Вдруг его лицо напряглось: он заметил двух новых посетительниц, только что вошедших в ресторан. Таш и Зои, раскрасневшиеся от мороза, весело смеялись над суетливым Анджело, помогающим им снять пальто. Хьюго смотрел на них, не отрывая глаз, как терпеливый снайпер.
– Ага, – Лисетт проследила за его взглядом, – наш конкурент заволновался!..
– Что? – переспросил он. Лисетт улыбнулась:
– Я уверена, что Таш…
– Не забывай, что она невеста Найла, – перебил Хьюго.
Лисетт улыбнулась и прошептала:
– И я очень рада за нее. Могу тебя заверить, не в моих планах отбивать у нее жениха.
Хьюго сделал глоток минеральной воды:
– Ну, так кто же конкурент?
– Ты! – Она подмигнула и снова взглянула на Таш и Зои, устроившихся в противоположном конце зала с бутылкой красного вина и тарелкой чипсов.
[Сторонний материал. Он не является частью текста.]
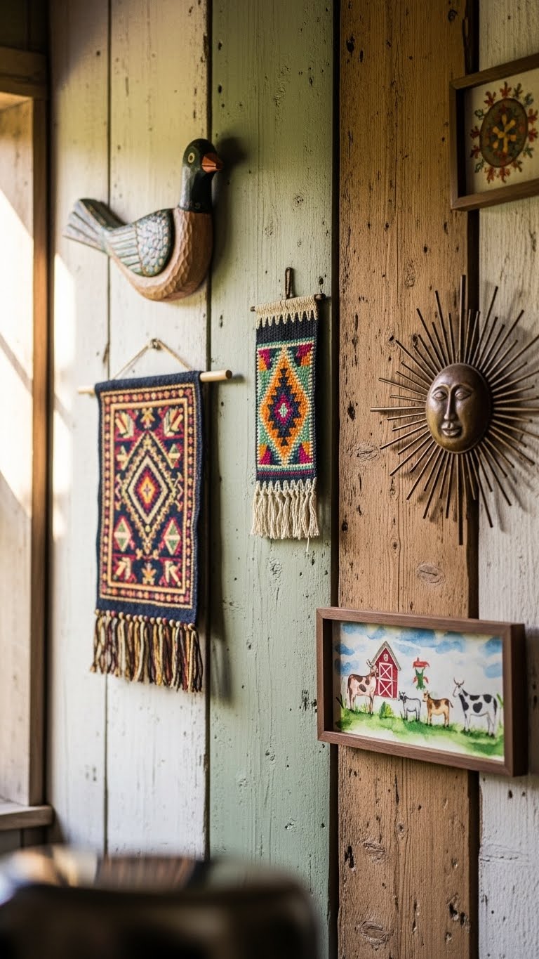 Find real folk art at markets. Hang on walls. This adds soul. For DIY, frame prints.

Ни одна из них не заметила Хьюго и Лисетт.
– Я? – Хьюго повысил голос. – Что за чушь пришла тебе в голову?
Но женщина только улыбалась. Теперь, склонив голову, она играла своими длинными блестящими волосами.
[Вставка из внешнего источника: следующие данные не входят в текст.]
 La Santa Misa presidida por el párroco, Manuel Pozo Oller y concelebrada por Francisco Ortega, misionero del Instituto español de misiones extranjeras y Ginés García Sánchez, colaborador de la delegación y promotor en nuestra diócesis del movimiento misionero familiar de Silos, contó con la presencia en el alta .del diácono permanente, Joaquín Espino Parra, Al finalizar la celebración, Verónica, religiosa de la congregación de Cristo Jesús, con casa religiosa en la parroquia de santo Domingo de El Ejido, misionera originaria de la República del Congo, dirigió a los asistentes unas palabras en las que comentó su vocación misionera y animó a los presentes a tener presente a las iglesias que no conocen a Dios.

– Никогда бы не подумала такого о Таш Френч…
– Ты о чем? – Хьюго отодвинул тарелку и уже собирался уйти. Туманные намеки Лисетт начинали его раздражать.
– Я не думала, что у нее хороший вкус относительно мужчин. Что ж, у нас с ней и должно быть кое-что общее, – засмеялась Лисетт, а затем снова перешла на шепот: – Послушай, Хьюго, ты не согласишься купить у меня половину коня?
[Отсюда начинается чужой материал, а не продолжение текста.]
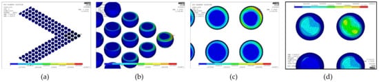 Equivalent inelastic strain distribution of the FO-WLP: (a) All solder joints; (b) location of the maximum strain; (c) top view of the bottom solder joint with the maximum distance from the neutral point (DNP); (d) bottom view of the solder joint with the maximum DNP.
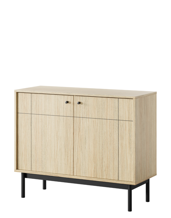 Mânerele tip „buton" din metal negru și picioarele din lemn vopsite în negru îi adaugă un aer modern, contrastând cu finisajul natural de stejar Linea.
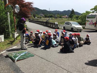 2年生が生活科の学習で、町探検へ行きました。3チームに分かれそれぞれの見学地へ元気に出発です。
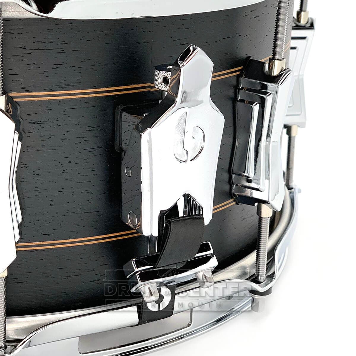 The Merlin’s 20-ply shell consists of alternating vertical and horizontal veneers of two sonically superior hardwoods – maple for focused warmth, and birch for direct brightness. The shell is then expertly finished with a black tulip outer veneer inlaid with a tasty double pinstripe of maple.
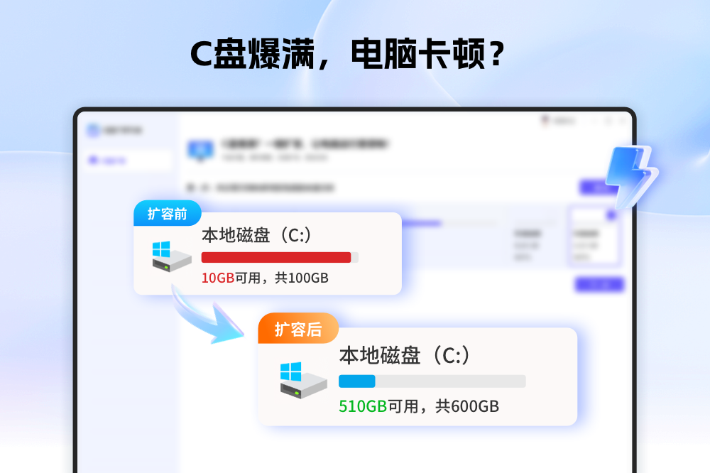 C盘爆满导致蓝屏、卡顿? 幂果C盘扩容助您轻松解决!专业硬盘分区工具,只需简单几步,就能安全地将其他盘的空闲空间“挪”给C盘,快速缓解空间压力,告别系统异常!

– Откуда у тебя вдруг возьмется хорошая лошадь?
– Тихо. – Лисетт показала глазами на Марко Анджело, обслуживающего клиентов за соседним столиком. – Для меня это тоже новость. Кстати, ты сам упомянул это при мне мимоходом.
– Черт! – Хьюго закрыл глаза.
Он понял, о каком коне идет речь. Он мечтал о нем уже несколько лет, восхищаясь его талантом, силой и волей к победе. Хьюго угадал в нем чемпиона еще два года назад, когда впервые увидел коня во Франции, у Александры. Он лелеял надежду, что когда-нибудь сам выступит на нем. Сноб был из той самой породы лошадей, которую обожал Хьюго. Он точно знал, что ему хватит сил и опыта, чтобы управлять могучей энергией животного. Энергией, которую многие сочли бы опасной. Пару раз он скакал на нем, и между ними мгновенно установилась незримая связь, на создание которой с другими лошадьми уходит не один год. Хьюго чувствовал, что этот конь просто создан для него.
– Я слышала, ты лишился своей лучшей лошади? Такая трагическая история! – бесстрастно продолжала Лисетт. – Возможно, тебя заинтересует мое предложение?
– Но это конь Таш, – выдохнул Хьюго.
– Нет, – возразила она, – ты сам мне говорил, что он записан на Найла. И половина его, как выяснилось, моя. Я хочу продать ее. Почему бы нам не обсудить это в более интимной обстановке? – Ножка Лисетт под столом коснулась его ноги.
Без улыбки, молча Хьюго смотрел на собеседницу, голубые глаза его были непроницаемы. Потом он ухмыльнулся – эта полуулыбка всегда сводила Лисетт с ума.
– Почему бы и нет, – тихо произнес он. – Поехали ко мне, выпьем вина.